简体繁体 English

逐行读取文件还是存储在内存中？

[英]Read file line-by-line or store in memory?

原文 2014-07-07 08:38:43 9 2 python/ file/ ram

This is less of a "my code's broken" question and more of a "should I do this?" 这不是一个“我的代码已损坏”的问题，而是一个“我应该这样做”的问题吗？ question. 题。

I have a script that iterates line-by-line using somethting like this: reader = csv.DictReader(open('file.txt', 'rb'), delimiter= '\\t') and gets things like ages and dates without committing the whole thing to memory. 我有一个脚本，迭代行由行使用somethting这样的： reader = csv.DictReader(open('file.txt', 'rb'), delimiter= '\\t')并把事情像年龄和日期不将整个事情都提交到内存中。

As it stands, the script uses about 5% of my RAM (8GB). 就目前而言，脚本使用了大约5％的RAM （8GB）。

In general, is it more accepted to put a file into memory instead of opening it and looping through its contents -- especially if it's large (over 700MB)? 总的来说，将文件放到内存中而不是打开文件并遍历其内容是否更被人们接受？特别是如果文件很大（超过700MB）？

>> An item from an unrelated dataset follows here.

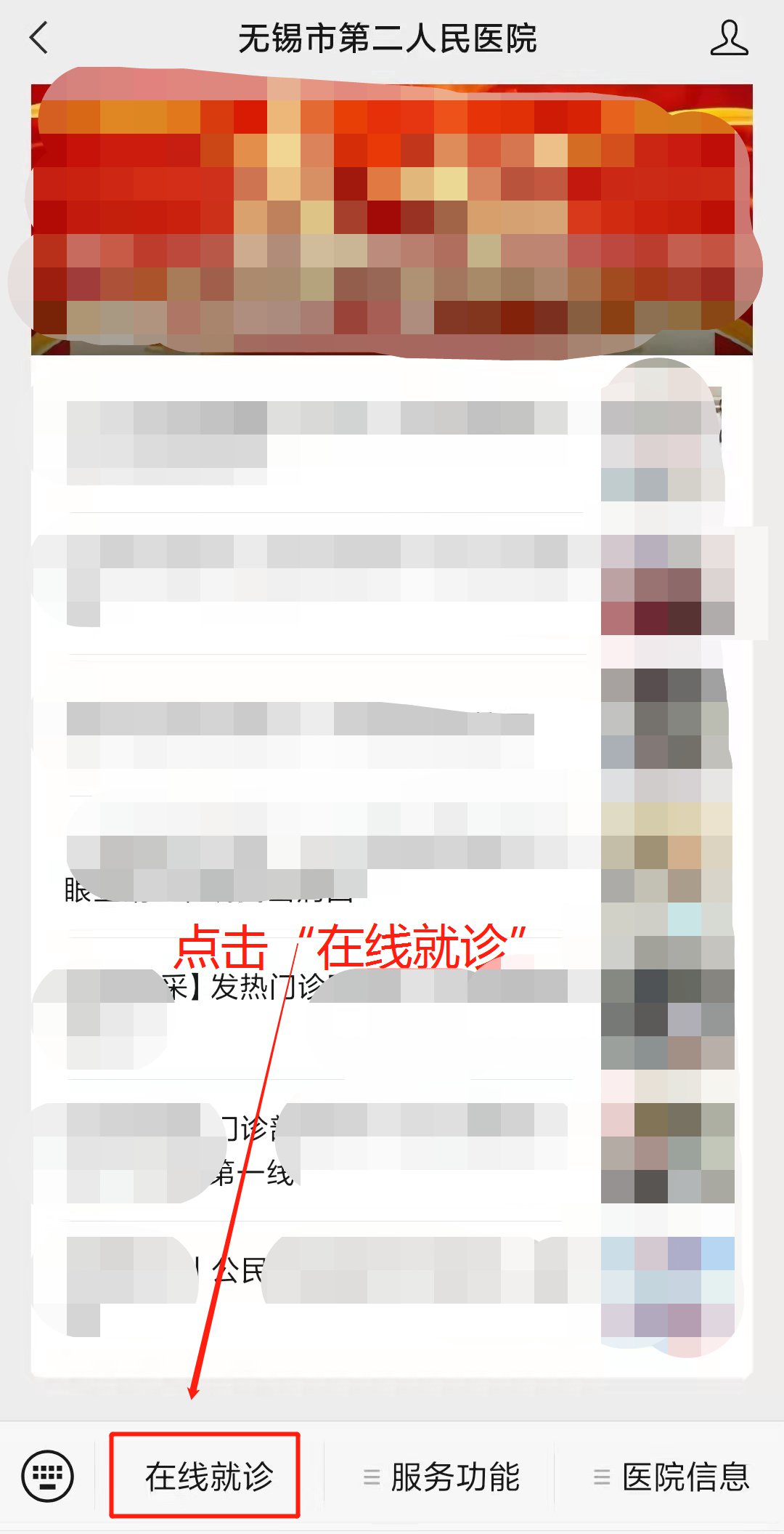 步骤一:关注“无锡市第二人民医院”公众号
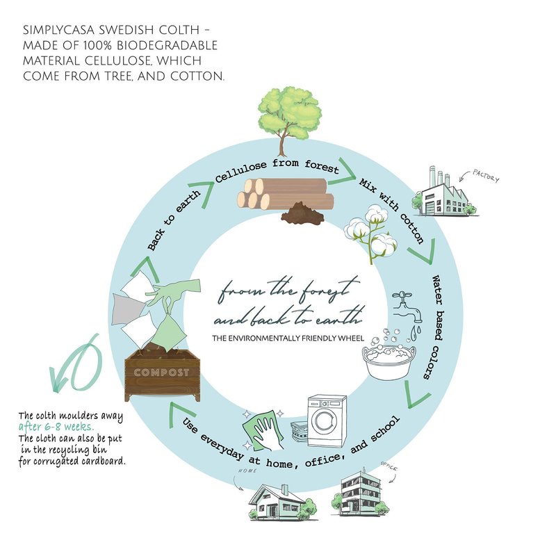 - Eco-friendly kitchen cloth by SIMPLYCASA is made of 70 % cellulose (wood pulp) & 30% cotton, printed with water based inks. 100% Biodegradable. Material made from Sweden. Size: 6 by 7 inches.

My script is for personal use, but I'd rather learn Python's conventions and do what's considered acceptable. 我的脚本供个人使用，但是我宁愿学习Python的约定并做被认为可以接受的事情。 For example, I know that if I were doing something similar in JavaScript I'd try to conserve memory as much as possible to prevent browsers from crashing or becoming unresponsive. 例如，我知道如果我在JavaScript中做类似的事情，我会尽力节省内存，以防止浏览器崩溃或无响应。

Is a method (memory vs looping) preferred over another in Python? 在Python中，是否首选方法（内存还是循环）？

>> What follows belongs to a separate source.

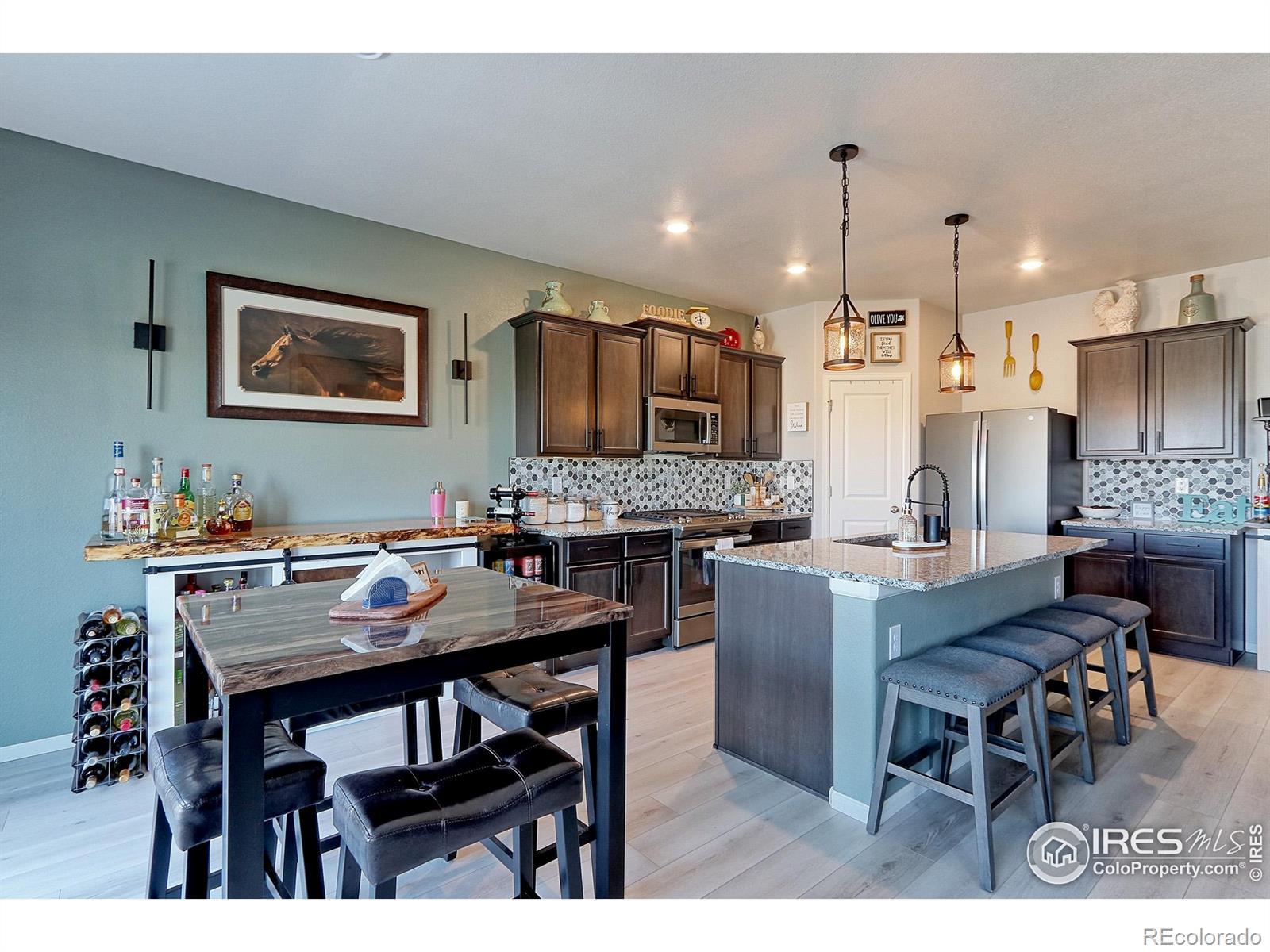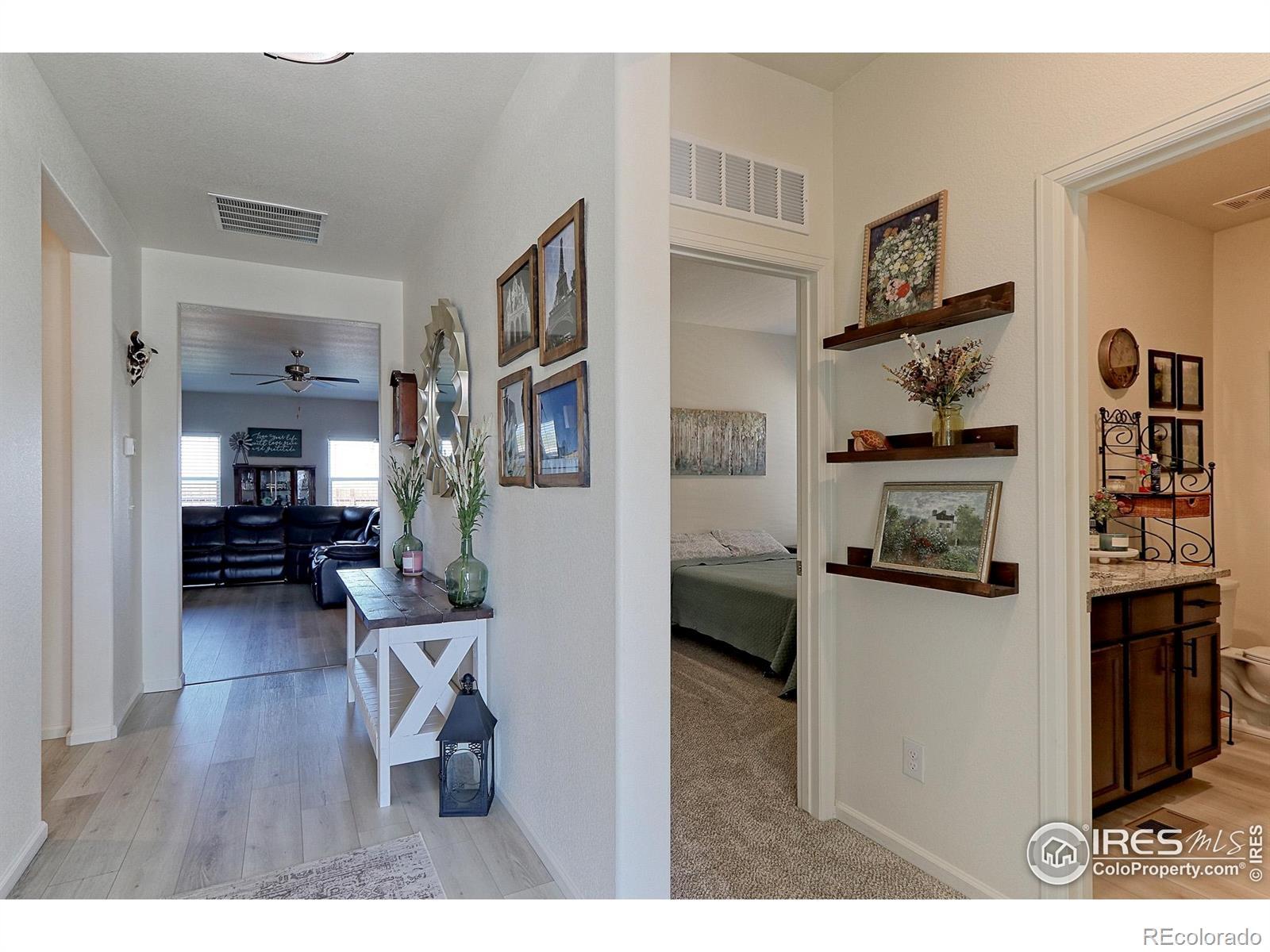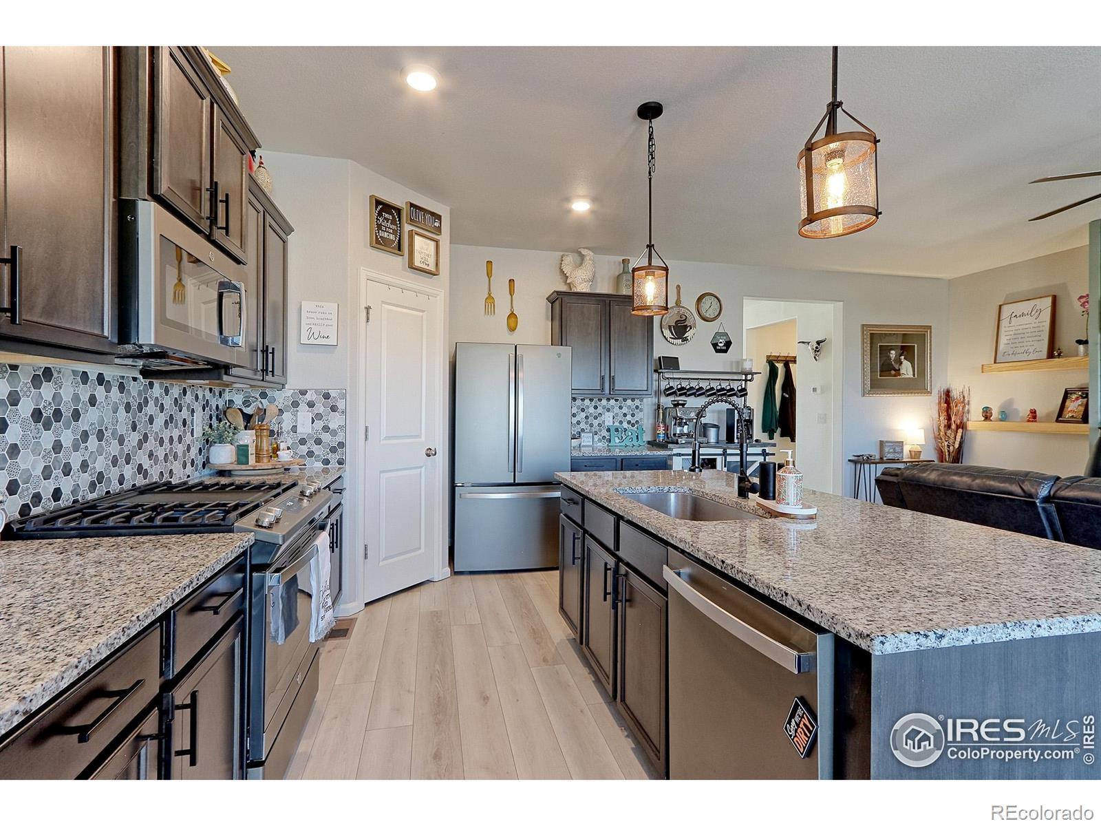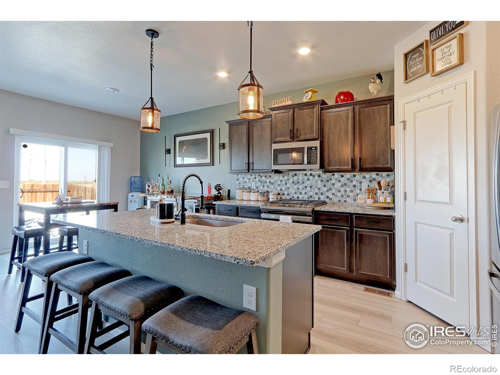 Final price reduction, well under market! Just 16 miles northeast of Brighton, discover this stunning ranch style home in the peaceful town of Keenesburg. Built in 2020 and thoughtfully upgraded throughout, this home blends modern comfort with custom touches you'll love. Step inside to find wood look laminate flooring flowing through most of the main living areas, with plush new carpet in the two secondary bedrooms. The kitchen shines with updated stainless steel appliances, granite countertops, a full tile backsplash, and plenty of space to cook and entertain. The highlight of the family room is a custom-designed fireplace and entertainment wall, soaring from floor to the 9-foot ceilings, both functional and beautiful. The spacious primary suite features a dream bathroom and large walk-in closet, creating the perfect retreat. Outside, enjoy a 19'x16' patio wired for a hot tub, a fully fenced backyard with raised garden beds, and an extra concrete pad with a walkway that connects to the front of the home. The two car garage is fully finished with hot and cold water hookups-ideal for a dog wash or easy car care. This move-in ready home offers smalltown charm, thoughtful upgrades, and modern convenience all just a short drive from Brighton or the Denver Metro area and is priced to sell quickly.
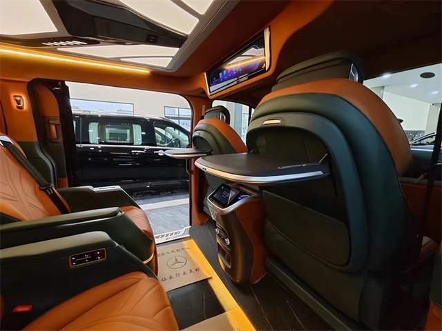 二排航空座椅相比于老款并没有过多的变化基本是沿用,具备通风,按摩,加热,旋转,腿托等功能,其中人体工程学6点位智能气动按摩,旅途的生活也能多一些享受与自在。三排电动调节,配有无线充电,它既可以是一个沙发床,也可以由两个独立的座椅所组成,可满足不同用车的需求。定制顶灯,有多种颜色可以调节,适应车内不同的用车氛围。

edit: I'm aware this could be kind of broad. 编辑：我知道这可能是广泛的。 I'm more curious as to the best (Pythonic) practice. 我对最佳（Pythonic）做法感到好奇。

There seems to be a lot of posts asking how to do it, but not a lot asking why or if . 似乎有很多帖子问如何做到这一点，但很少有人问为什么或是否如此 。

2 个解决方案

AFAIK, your method is the pythonic way to do this. AFAIK，您的方法是执行此操作的pythonic方法。

You should be aware of the fact that open('file.txt') does not put the whole file into memory. 您应该意识到以下事实： open('file.txt')不会将整个文件放入内存。 It returns an iterator which reads the file on demand. 它返回一个迭代器，该迭代器按需读取文件。 So does your DictReader . 您的DictReader 。

Just try processing a large file, you won't see any increase in memory consumption. 只是尝试处理一个大文件，您不会发现内存消耗有任何增加。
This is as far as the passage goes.